The NSC statement did not address those questions, but the spokesman said the Biden administration has “stepped up [its] diplomacy to end the war in Yemen”, led by US Special Envoy to Yemen Tim Lenderking.
The administration recently hailed the Saudi Arabia-led coalition’s decision to allow four ships carrying fuel to dock in Hodeidah, a northern port controlled by the Houthis. Such UN-approved ships had reportedly been blocked from docking for weeks, starting at the beginning of the year, causing shortages in the population-dense, Houthi-controlled region that have threatened food and medicine deliveries and the ability to power hospitals.
Saudi Arabia also proposed a ceasefire in late March, which some hailed as early proof the new US approach was making a difference. The Houthis, however, quickly rejected the framework as one-sided.

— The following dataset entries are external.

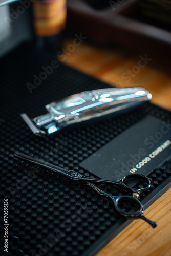 Scissor and clipper in barbeshop on dark rubber background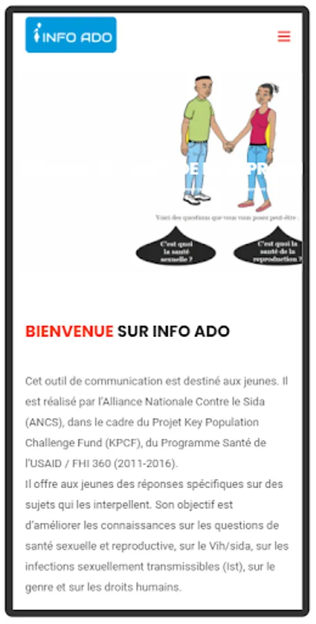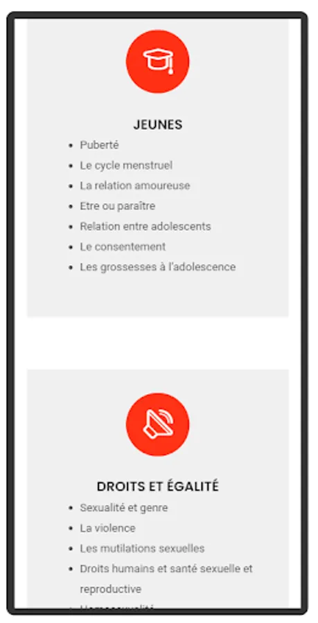 It offers young people specific answers on subjects that concern them. Its objective is to improve knowledge on issues of sexual and reproductive health, HIV / AIDS, sexually transmitted infections (STIs), gender and human rights.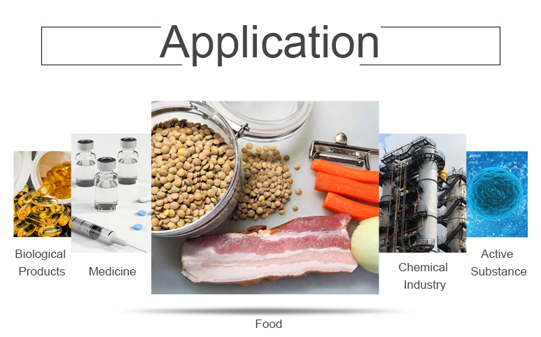 像海绵状的内部成分允许干燥的产品在需要时快速保湿。典型应用:原则上,冻干机可用于干燥几乎所有产品,包括但不限于食品,药物,生物制品,化学领域等。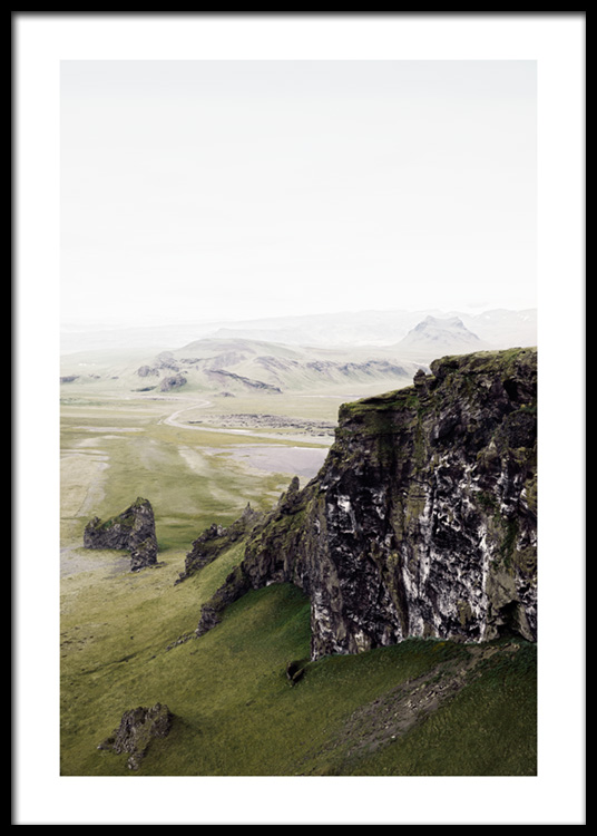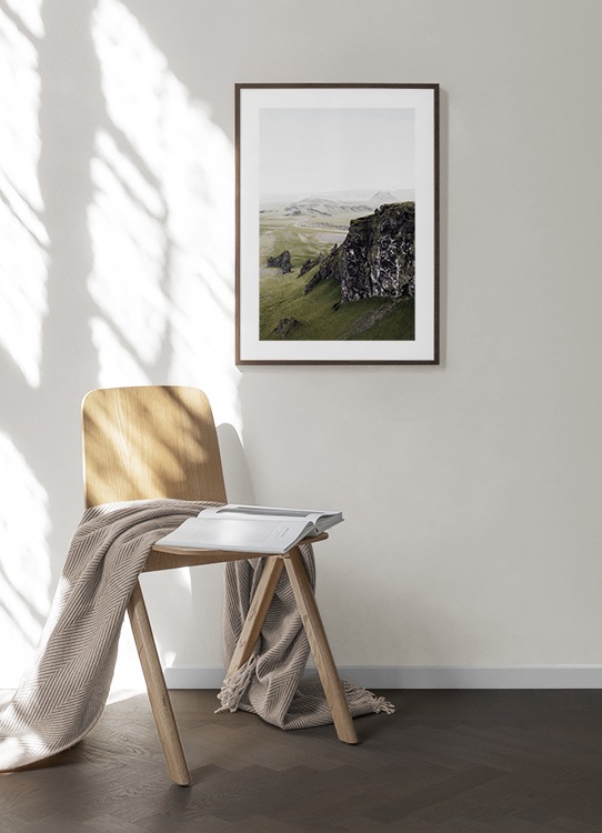 Motivi Handpicked Fotografia di montagne rocciose e un paesaggio verde in Islanda. Ritrova la pace interiore appendendo stampe naturalistiche alle tue pareti ed esplora Studio Elements di Desenio Design Studio, una collezione esclusiva con foto di paesaggi e animali scattate in Islanda.
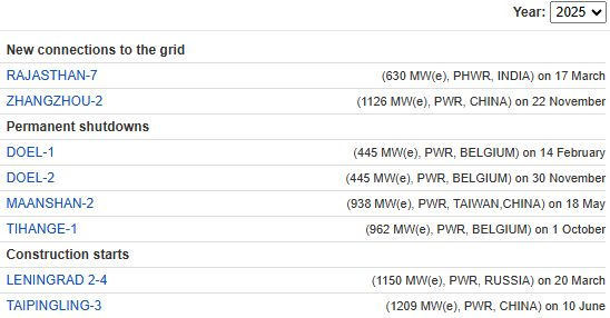 Ende letztes Jahr befanden sich 23 AKW in abgeschaltetem Zustand (davon 19 Reaktoren in Japan), Ende 2025 sind immer noch 23 AKW in abgeschaltetem Zustand. Japan kündete jedoch an im nächsten Jahr das AKW Kashiwazaki-Kariwa mit 7 Reaktoren wieder ans Netz bringen zu wollen.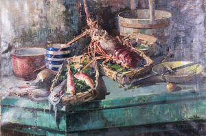 Olio su compensato, cm. 30x45 Firma in basso a destra: R. Renucci; al verso: Renucci / Livorno: etichetta e due [..]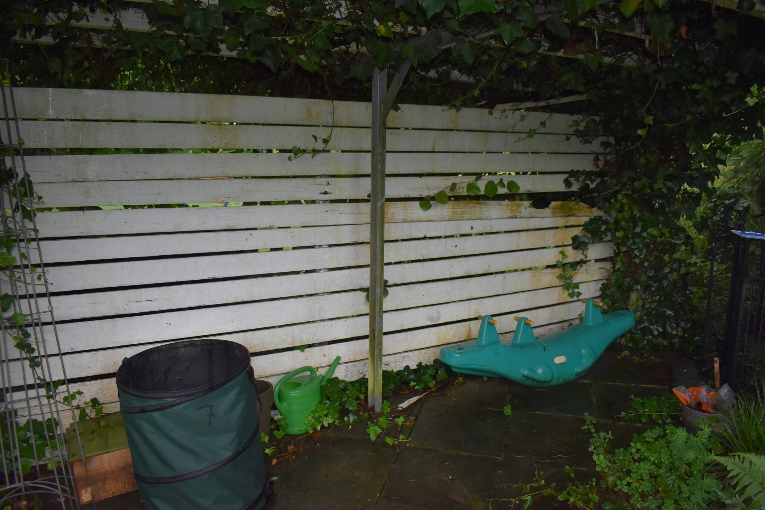 Der Kunde beauftragte uns mit der Verjüngung einer bestehenden Pergola. Hierbei wurde ein radikaler Rückschnitt des Efeus gemacht, es wurden neue Dachträger aus Aluminiumhohlprofilen eingesetzt sowie die bestehende Holzwand durch eine langlebige WPC- Wand mit einer Garantie von 15 Jahren ersetzt.

Lenderking is “working closely with all parties in support of the United Nations-led initiative to fully open Sanaa airport and Hudaydah port to help parties negotiate a ceasefire, and restart long-dormant peace talks”, the NSC spokesman said, using an alternative spelling for Hodeidah.
‘Tight-rope walk’
Andreas Krieg, a professor in the Defence Studies Department of King’s College London, said the Biden administration is torn between “delivering on the campaign promise to be tougher on the [Saudi] kingdom and on the other hand maintaining a workable relationship with Saudi Arabia”.
He told Al Jazeera that it is “unrealistic” for Washington to be “sieving through” its current weapons contracts to assure “no military support ends up helping the offensive component of the war” in Yemen.
“The notion to ban the export of ‘offensive weapons’ that could be used in the war in Yemen must be seen as a compromise to this US tight-rope walk on the issue, but not actually realisable,” Krieg said.
Still, el-Tayyab said if the US clearly explains which arms will be affected by its end to offensive support for the coalition, the Biden administration’s policy shift can help increase international pressure to end the conflict – and encourage other Saudi allies to end their arms exports, too.
“I think [the Biden administration] can send a really strong message that US complicity and diplomatic cover for the Saudi-led war in Yemen is over,” he said. “Not just through rhetoric but with real, tangible action.”